Incredibly, DOE--Arne Duncan's DOE--opposed bankruptcy relief for Myhre and argued that he shouldn't have spent money for cable television since that was money he could have applied to paying off his student loans.

Fortunately for Mr. Myhre, the bankruptcy court rejected DOE's arguments and granted him relief from his student loans. In fact, the court praised him for his courage. "Mr, Myhre is an articulate and personable young man," the court observed, "whose mobility is determined by his wheelchair and dexterity is only sufficient to operate a directional stick control." Myhre's daily life required "bravery and tenacity," the court wrote," and Myhre had "made a truly admirable effort to return to work in order to support himself financially rather than remain reliant on government aid" (Myhre v. U.S. Department of Education, 2013, p. 704).

The Department of Education's lawyers are like Daryl in The Walking Dead

Why did the Department of Education take such a heartless position regarding Mr. Myhre's student loans? I'll tell you why. DOE is driven to stop every student-loan bankruptcy because if the bankruptcy courts ever begin reviewing the plight of insolvent student-loan debtors from a humane perspective, the judges would start granting bankruptcy relief to these unfortunate souls. And if that ever happenes, millions of honest but unfortunate people--and I mean literally millions--will be filing for bankruptcy, which would topple the entire corrupt and putrid student-loan program.  DOE simply can't let that happen.

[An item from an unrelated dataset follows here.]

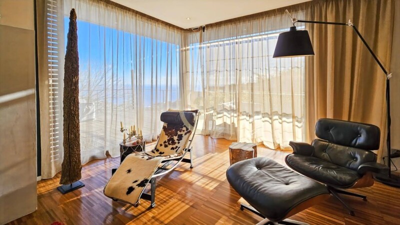 Your Century21 Dary Immobilier agency exclusively offers you this magnificent contemporary villa on the heights of Bastia. This 154 m² property is built on a plot of approximately 1000 m². It features a garden, a summer kitchen area, a jacuzzi, terraces, and a large cellar. The villa is located in a prime, quiet location with a beautiful sea view. Although close to Bastia city center, it is not overlooked by neighboring homes. Perfectly integrated into its environment, it was designed as a "treehouse." The suspended terraces overlook the sea and the tops of the chestnut trees. The vegetation is an integral part of the architectural project. Built in 2009, it was entirely designed by an architect couple, in its design and interior decoration. Everything was custom-designed and built. A perfect blend of functionality and aesthetics. It consists of an entrance hall, a WC with vestibule and washbasin, a laundry room. The kitchen area has a back kitchen and a removable wall made of solid oak and transparent panels to separate, if necessary, the kitchen area from the living room. The living room has a modern fireplace, angled bay windows and terraces. The master suite with dressing room and shower room and WC completes this floor. On the garden level, you will find a large bedroom which today serves as an office, a linen room, a third bedroom with private dressing room, an office, a bathroom and a second guest WC. All living rooms have direct access to the exterior. This villa is surprising. A successful architectural project where quality materials are rarely so sublimated. All the interior woodwork is the work of a cabinetmaker, each cupboard, each door, the monumental staircase in solid oak, are the most remarkable examples. Additional features: reversible ducted air conditioning, solar panels for hot water production, green roof, double wall insulation for optimal quality of life and comfort. Electric gate, central vacuum system. A rare product on the market.

Much like a DOE lawyer opposing bankruptcy relief for student-loan debtors, Daryl quietly dispatches zombies
And so when DOE's lawyers go to court to oppose bankruptcy relief for student-loan debtors, they behave much like Daryl in The Walking Dead.  Daryl kills zombies silently with his crossbow, dispatching them efficiently without making a noise that would attract other zombies. Likewise, DOE attorneys overwhelm student-loan debtors who go to bankruptcy court without lawyers, beating them down with canned legal briefs they keep on the hard drives of their government computers for just such contingencies.

The metaphor isn't perfect, of course. The "walkers" that Daryl drills through the brain with his arrows are frightening creatures, while the poor folks dispatched by DOE's lawyers are decent human beings entirely deserving of our pity and our aid. And of course, I would be  slandering Daryl to compare him to a DOE attorney!

But overall, I like the metaphor. Our insolvent student-loan debtors are very much like the zombies in The Walking Debt, and the Department of Education's lawyers are quite like Daryl, quietly picking off the "walkers" who make their way into the bankruptcy courts.

I don't know how this series will end, but I feel pretty sure some scary episodes lie ahead. If there is any justice in the world, distressed student-loan debtors will rise up one day by the millions; and America's cowardly politicians, college presidents, and policy wonks will wind up eating stale canned goods while holed up in the real-life equivalent of The Walking Dead's abandoned Center for Disease Control.

Quiet! Don't let the walkers hear you.
References

Myhre v. U.S. Department of Education, 503 B.R. 698 (Bankr. W.D. Wis. 2013).

Roth v. Educational Credit Management Corporation, 490 B.R. 908 (9th Cir. BAP 2013).

Stevenson v. Educational Credit Management Corporation, 436 B.R. 586 (Mass. Bankr. 2011).